Mailing List Archives
Authenticated access
|
|
|
[Date Prev][Date Next][Thread Prev][Thread Next][Date Index][Thread Index]
[HTCondor-users] How to access the number of times a job has been put on hold and released
- Date: Tue, 21 Aug 2018 01:41:29 +0000
- From: Greg.Hitchen@xxxxxxxx
- Subject: [HTCondor-users] How to access the number of times a job has been put on hold and released
Is it possible to determine the number of times a job has been put on hold and then released?
There doesn't seem to be a direct job classad that shows this.
We quite often have user submit files that put a job on hold if it is running for more than a specified time.
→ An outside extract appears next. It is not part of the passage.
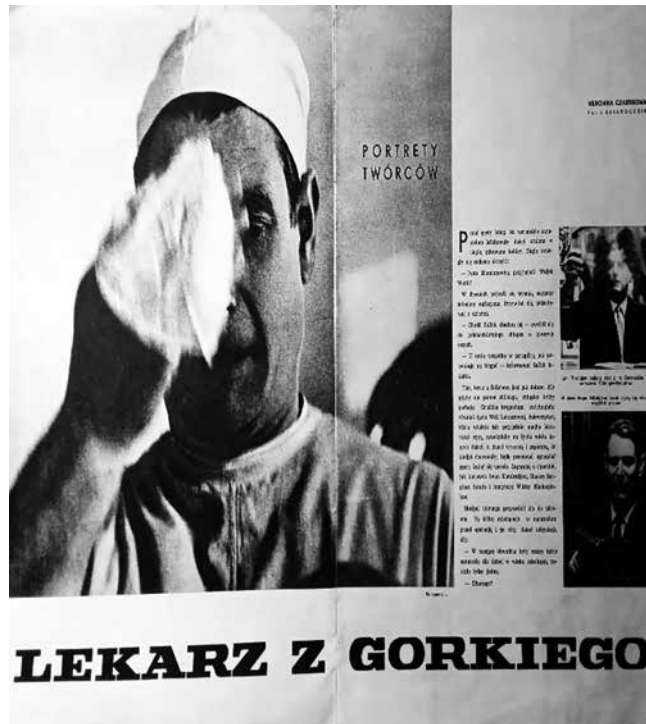
Рис. 8. Статья о И. С. Николаеве в польском еженедельнике Kraj Rad (1966 г.).

Заслуги И. С. Николаева отмечали и иностранные коллеги, его труды опубликованы в разных медицинских журналах и газетах (рис. 8).

This is mainly to combat jobs that seem to fall into a black hole on execute nodes occasionally.
A period_release than allows them to try running somewhere else, hopefully successfully this time.
We have a user who would like to remove a job if it has benn put on hold and released more than X number of times.
e.g. using imaginary job classad NumHoldsReleases then we could change:
on_exit_remove = (ExitCode == 0) && (ExitBySignal == False)
to
on_exit_remove = ((ExitCode == 0) && (ExitBySignal == False)) || (NumHoldsReleases > 5)
Is there a way to achieve this?
Thanks.
Cheers
Greg